= Sinna Nasseri =

American Photographer

Sinna Nasseri (born in Los Angeles, CA) is an American photographer. His work focuses on documentary photography and portraiture, and it appears frequently in the New York Times and Vogue.

== Early life and education ==
Nasseri attended Fordham University School of Law. Until 2017, Nasseri was a lawyer for Latham & Watkins. Born in Los Angeles, he is of Iranian descent.

== Work ==
In 2020, eight of Nasseri’s photo essays were published by Vogue documenting the ways Americans responded to the COVID-19 pandemic, the Black Lives Matter movement, and the 2020 presidential election. In 2021, Nasseri’s photographs of a Stop the Steal rally in Arizona were used in the second impeachment trial of Donald Trump. In 2022, Nasseri was commissioned by Vogue to photograph the Met Gala, themed “In America: An Anthology of Fashion.” In 2023, New York Times published Nasseri’s “Plane Spotters” photo series.

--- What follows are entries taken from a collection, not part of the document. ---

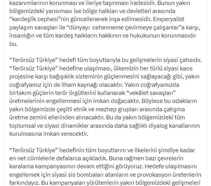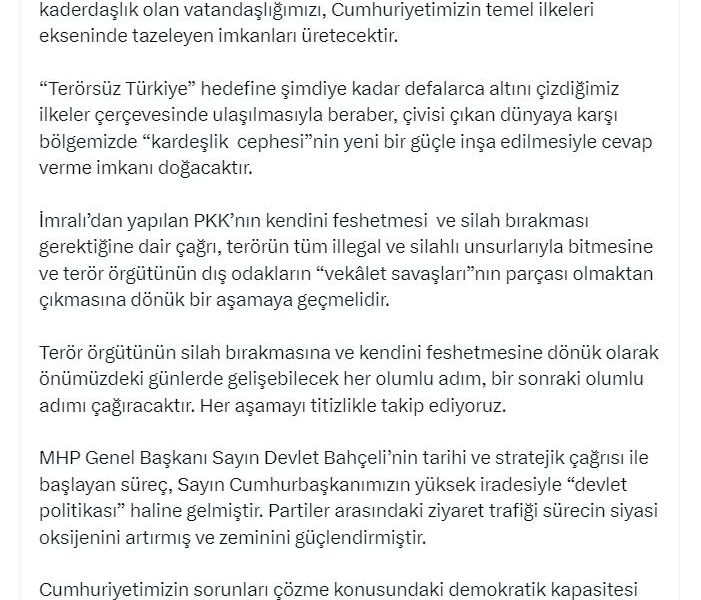“İmralıdan yapılan PKKnın kendini feshetmesi ve silah bırakması gerektiğine dair çağrı, terörün tüm illegal ve silahlı unsurlarıyla bitmesine ve terör örgütünün dış odakların vekalet savaşlarının parçası olmaktan çıkmasına dönük bir aşamaya geçmelidir. Terör örgütünün silah bırakmasına ve kendini feshetmesine dönük olarak önümüzdeki günlerde gelişebilecek her olumlu adım, bir sonraki olumlu adımı çağıracaktır. Her aşamayı titizlikle takip ediyoruz. MHP Genel Başkanı Sayın Devlet Bahçeli’nin tarihi ve stratejik çağrısı ile başlayan süreç, Sayın Cumhurbaşkanımızın yüksek iradesiyle devlet politikası haline gelmiştir. Partiler arasındaki ziyaret trafiği sürecin siyasi oksijenini artırmış ve zeminini güçlendirmiştir. Cumhuriyetimizin sorunları çözme konusundaki demokratik kapasitesi yüksektir. Türkiye Cumhuriyeti, tek vatan, tek millet, tek devlet, tek bayrak ilkesi esasında, millet şuuru ve devlet aklı ile gündemine hakimdir.”
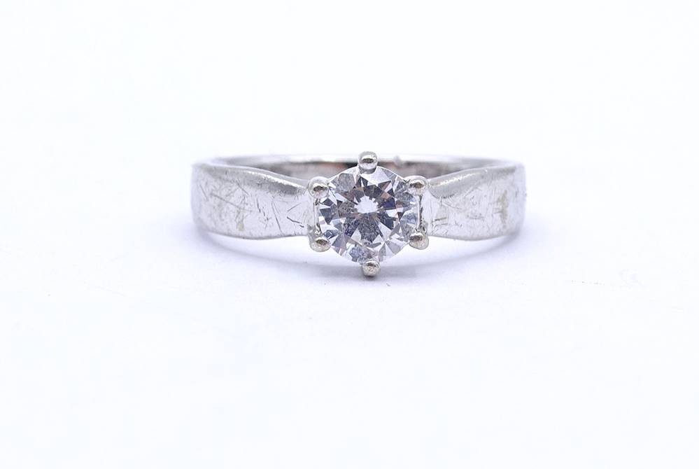 Ring mit einem rund facc. klaren Stein, Sterlingsilber 0.925, 2,9g.RG 54 [1]
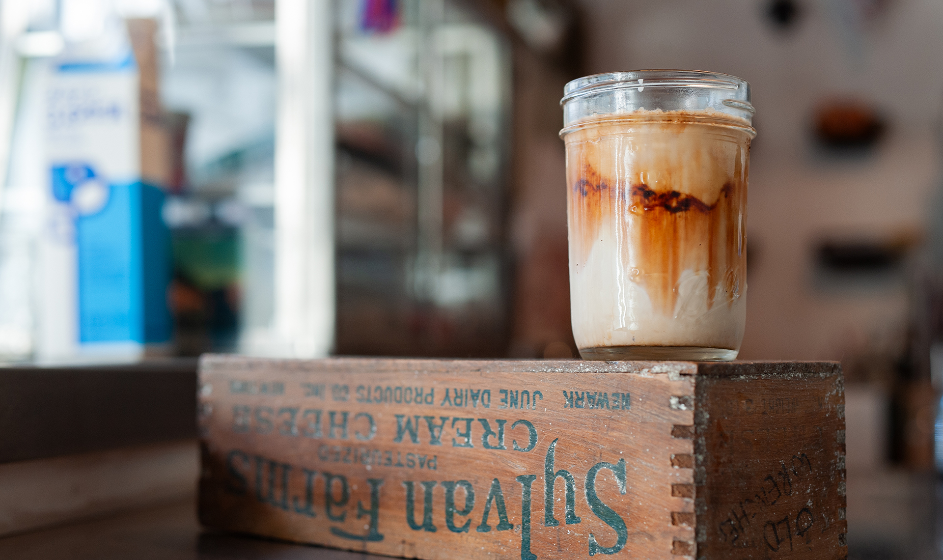 Flower Child is the basis for Katsuyuki Tanaka's original espresso, "Angel Stain, 2009” featuring two-layer espresso rings of cold milk without ice, followed by "Dirty, 2010," and
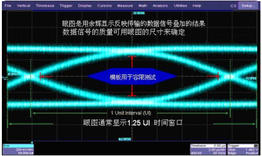 "眼圖就是象眼睛一樣形狀的圖形。”眼圖是用余輝方式累積疊加顯示采集到的串行信號的比特位的結(jié)果,疊加后的圖形形狀看起來和眼睛很像,故名眼圖。眼圖上通常顯示的是1.25UI的時間窗口。眼睛的形狀各種各樣,眼圖的形狀也各種各樣。通過眼圖的形狀特點可以快速地判斷信號的質(zhì)量。
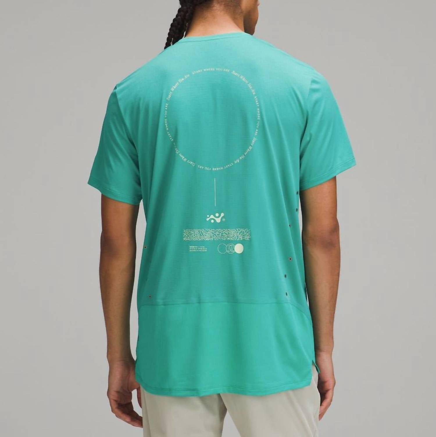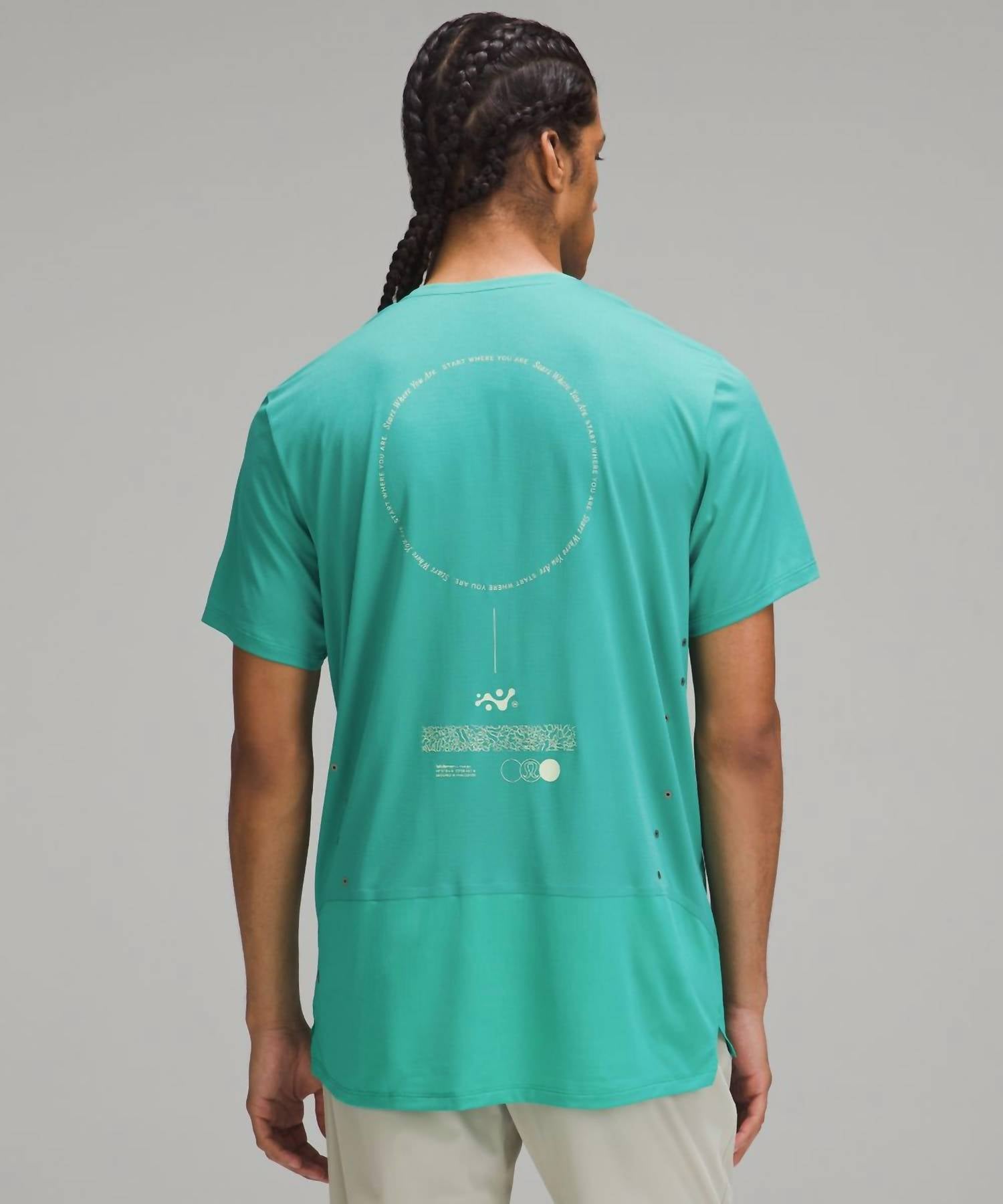 Introducing the Fast And Free Road To Trail Short Sleeve by lululemon, a perfect addition to your summer wardrobe. This blue graphic tee features a classic crewneck and short sleeves, ideal for vacation and streetwear trends. Crafted from high-quality polyester, it offers a lightweight and breathable experience. Designed for easy care, simply machine wash and tumble dry, with a convenient pull-on closure.
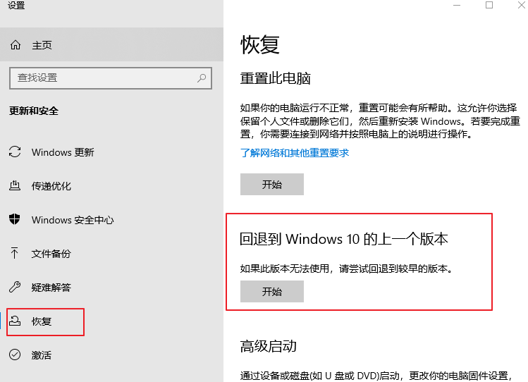 我的电脑,右键选择【属性】,搜索【Windows 更新】,点击【恢复】
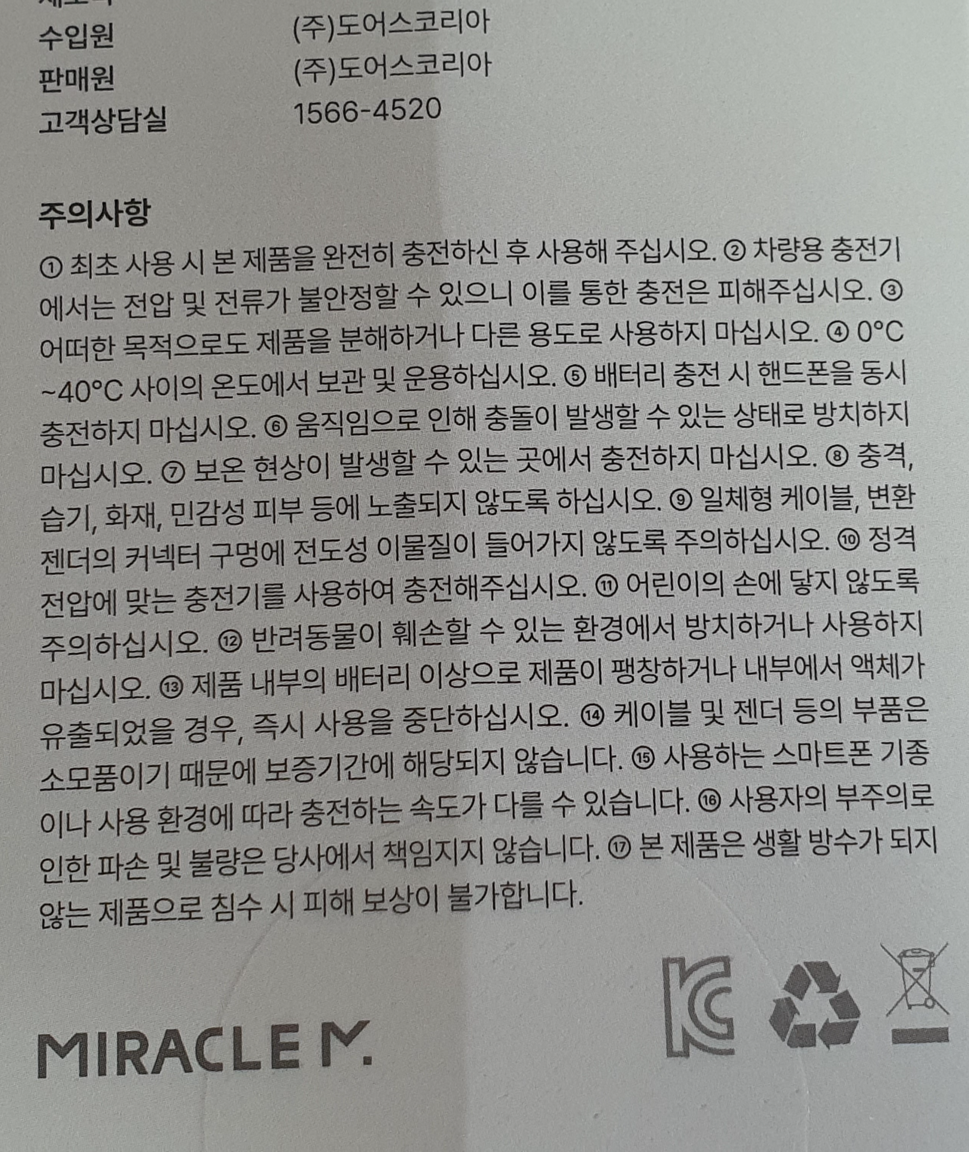 1 최초 사용 시 본 제품을 완전히 충전하신 후 사용해 주십시오. 2 차량용 충전기에서는 전압 및 전류가 불안정할 수 있으니 이를 통한 충전은 피해 주십시오. 3 어떠한 목적으로도 제품을 분해하거나 다른 용도로 사용하지 마십시오. 4 OC ~40°C 사이의 온도에서 보관 및 운용하십시오. 5 배터리 충전 시 핸드폰을 동시 충전하지 마십시오. 6 움직임으로 인해 충돌이 발생할 수 있는 상태로 방치하지 마십시오. 7 보온 현상이 발생할 수 있는 곳에서 충전하지 마십시오. 8 충격, 습기, 화재, 민감성 피부 등에 노출되지 않도록 하십시오. 9 일체형 케이블, 변환 젠더의 커넥터 구멍에 전도성 이물질이 들어가지 않도록 주의하십시오. 10 정격 전압에 맞는 충전기를 사용하여 충전해 주십시오. 11 어린이의 손에 닿지 않도록 주의하십시오. 12 반려동물이 훼손할 수 있는 환경에서 방치하거나 사용하지 마십시오. 13 제품 내부의 배터리 이상으로 제품이 팽창하거나 내부에서 액체가 유출되었을 경우, 즉시 사용을 중단하십시오. 14 케이블 및 젠더 등의 부품은 소모품이기 때문에 보증기간에 해당되지 않습니다. 15 사용하는 스마트폰 기종이나 사용 환경에 따라 충전하는 속도가 다를 수 있습니다. 16 사용자의 부주의로 인한 파손 및 불량은 당사에서 책임지지 않습니다. 17 본 제품은 생활 방수가 되지 않는 제품으로 침수 시 피해 보상이 불가합니다.
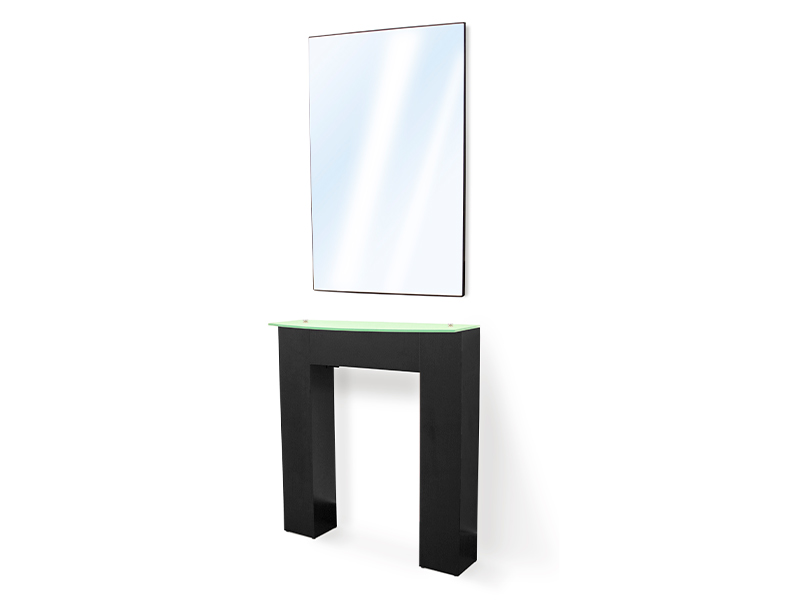 Nuova vanità dal design moderno e minimalista con specchio autoportante, ideale per saloni di parrucchieri. Struttura in legno nero con piano di appoggio in vetro traslucido.

The New York Times’s article “2023 in Retrospect: 59 Photographs That Defined the Year in Arts” included six photographs by Nasseri. Images included portraits of Michelle Williams, Henry Diltz, and John Stamos, documentation of the Oscar Nominees Luncheon, and the “Plane Spotters” photo series.

The Guardian’s article “The photographs that defined 2023 – and the stories behind them” included Nasseri’s documentation of Burning Man.